Dr. Richard Fischbein, a psychiatrist who evaluated Buckner for his attorneys, said Buckner had been diagnosed with bipolar disorder but never reported blacking out until after the killing. Blackouts, Fischbein testified, are not usually associated with bipolar disorder.
Prosecutors are skeptical of Buckner's blackout claim and the assistant district attorney who cross-examined him, Jarrett Ferentino, attempted several times to bridge his memory gap. "Who shot your wife?" Ferentino asked.
"That's what happened that night," Buckner responded. "You did it," Ferentino said, incredulous at Buckner's supposed blackout. "You shot her not once, not twice - three times. You don't remember her pleading for her life, that her last words were 'No, Smokey, stop!'?" "No, I don't," Buckner said. Stephen Dinwiddie, a forensic psychiatrist and professor at the University of Chicago, said blackouts like the one Buckner described are possible, but not necessarily linked to any specific psychiatric condition.
"It's very common for murder defendants to report amnesia for some or all parts of the murder," Dinwiddie said. "It's very difficult to tell: is this completely legitimate? Is the defendant not telling the truth about his memory? Or is it something in the middle?"
Buckner's supposed blackout could have been the loss of consciousness at the time of the incident, the path Bucker said his brain took, or a later loss of memory of the event because of head trauma or the excessive use of drugs or alcohol.
"You have to make the distinction between memory and awareness," Dinwiddie said. "The more complex the behavior, the more it looks like it's goal directed, the less plausible any argument that there was no awareness at the time is going to be."
Rogers-Buckner obtained an emergency protection-from-abuse order four days before the shooting, prohibiting Buckner from having contact with her or entering their home. Buckner claimed he was not aware of the protection-from-abuse order when he entered the home, saying Rogers-Buckner invited him over to see their 9-year-old son.
Buckner said he entered the home through a back door and, before seeing his son, grabbed his .357 Magnum from a shelf behind a washing machine. He claimed he had heard investigators had obtained a search warrant for the home.
Buckner said he went to the refrigerator, pulled out leftover fried chicken, put it on a plate and into the microwave. As the food cooked, Buckner's son walked into the kitchen.
The boy smelled the chicken and wanted something to eat, Buckner said. Rogers-Buckner wanted the boy to go back to bed, Buckner said. The boy returned to bed and Buckner said he and his wife argued.
Then, he said, he blacked out. Buckner's stepdaughter testified last week that she heard her mother pleading for Buckner to stop after Buckner fired the first gunshot. The girl recalled running downstairs after the third shot and, from the edge of the kitchen, seeing Buckner standing over her mother in the adjacent living room.

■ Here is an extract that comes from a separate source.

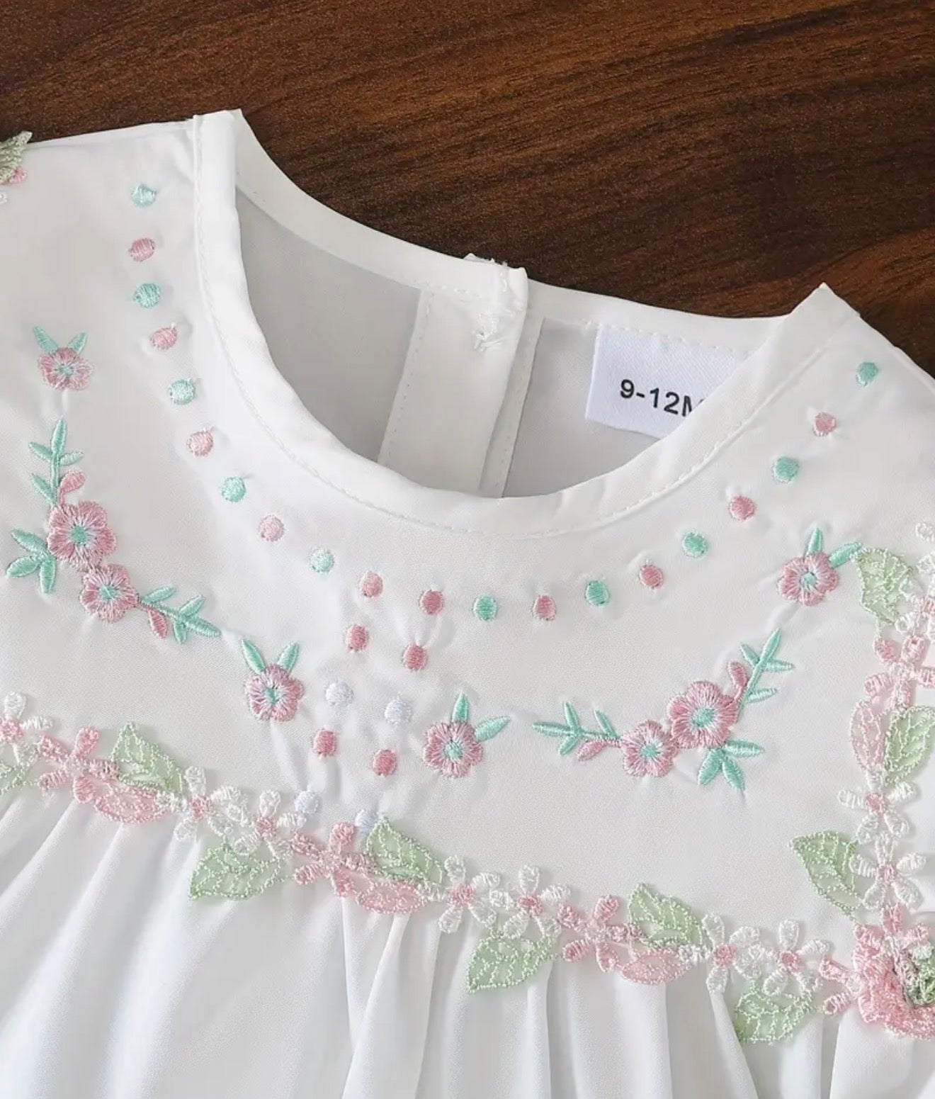 فستان ميدي خفيف مصنوع من البوليستر للفتيات بأكمام قصيرة وتفاصيل دانتيل بسيطة.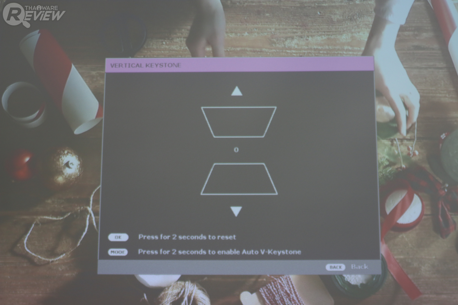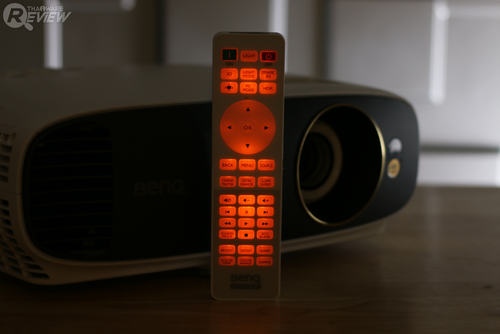 ตัวรีโมทก็มีปุ่มเมนูสำหรับการใช้งานครบถ้วน และแน่นอนว่าการใช้งานโปรเจคเตอร์ส่วนใหญ่จะอยู่ในห้องมืด ตัวรีโมทจึงมีแสงไฟสำหรับการใช้งานในห้องที่ไม่มีแสงสว่างได้

"I think he's trying to put the pieces together," Fischbein, the defense psychiatrist, said. "Why it happened. How it happened. He takes responsibility for what happened, but he doesn't know how it happened."
Though, fried chicken is once again seen as the catalyst for a harrowing scene that is being replicated all across America, confirming that this most disconcerting drama is becoming an alarming trend across the nation thanks to a fowl delicacy.
In France recently, a Black defendant attempted to utilize the burgeoning Righteous Black Anger defense for the crimes of raping numerous white women.
Well, criminals in America will soon embrace The Blackout Defense to ensure their absolution, though some could claim a Blackout is already occurring regarding criminal reporting.
Sadly the color of crime is becoming more obvious by the day, but the efficacy of The Blackout Defense could make the new judges presiding over cases in America think twice before sentencing commences.